Where I used to work there is permanent class war because professors put professional standards above personal convenience and instructors do the opposite. You cannot have a program in that way, especially when the instructors are the more powerful group and have the most backing.

Teaching goal of professors: produce good majors and graduate students.

Teaching goal of instructors: automate classes as much as possible so as to teach as many courses on overtime as possible and make as much possible money in the least amount of time. Also, convince administration to assign them as many upper division courses as possible. According to instructors, a PhD is obtained by doing two years of coursework beyond the MA (i.e. a PhD  is the MA + 30) and its functional equivalent is seniority at the MA level. Therefore, replacement of professors by instructors in upper division courses is reasonable — especially since there are plenty of textbook representatives available to teach them the relevant course content.

The administration’s official goals were those of the professors but their real goals were those of the instructors. The assistant professors with the best pedagogical training were threatening to the instructors and were turned down at tenure time for alleged poor teaching. I think this was far worse than not counting teaching at all for tenure or not caring about it — because this was negative caring.

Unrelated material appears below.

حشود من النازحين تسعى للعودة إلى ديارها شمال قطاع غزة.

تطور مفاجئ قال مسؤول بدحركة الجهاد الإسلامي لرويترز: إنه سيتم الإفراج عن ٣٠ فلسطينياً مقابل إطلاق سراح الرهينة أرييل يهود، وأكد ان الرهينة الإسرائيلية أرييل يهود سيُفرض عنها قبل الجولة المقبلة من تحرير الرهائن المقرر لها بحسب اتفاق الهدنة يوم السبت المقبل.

What other universities do: limit the total number of courses each person is allowed to teach. If you cannot afford to live on that amount of money then you must go into another line of work.

Why we could not do that: there were not enough unemployed M.A.s walking around on the streets to enable us to just hire someone else. We had to let our instructors teach seven and eight courses because if they did not, they could not buy property or new cars. We would become less viable for them and there would be nobody at all left to teach, it was said. We could not simply raise salaries such that instructors would not require so much overtime, it was said.

This last point was valid in its way. Despite what they alleged, instructors did not make much less than assistant professors, who had many more responsibilities and who also had research expenses to cover, so they also deserved raises. Still it would have been more convenient for many had the instructors been paid more so as to feel happier and work with a different set of goals in mind.

The instructors said they put teaching first but this was only because they did not do research or service: they liked saying they were faculty, but they did not actually like the students or the material.

Our academic advisors told us to put teaching last and they did us a great disservice. I already dislike lower division teaching enough;  to have had to listen to so many lectures about how doing it right would hurt my career only makes it more painful. In real life you have to be very much up on lower division teaching and able to effectively defend against these instructors and these kinds of situations in general.

When I think of these poorly informed professors preaching on about this matter I want to push them right off the Berkeley Marina. With a plopping sound they will fall right into the water and then stand there waist deep, looking surprised.


2 thoughts on “On Class War

  1. You are a very brave woman to write about this issue the way you do. There is, indeed, a festering conflict always taking place along these lines and nobody knows how to resolve it. But the issue is scary, so people prefer not to talk about it at all.

  2. Well someone has to talk about it. In some places it can be swept under the rug but in some places I’ve been it’s the reason for revolving door syndrome and other forms of underdevelopment!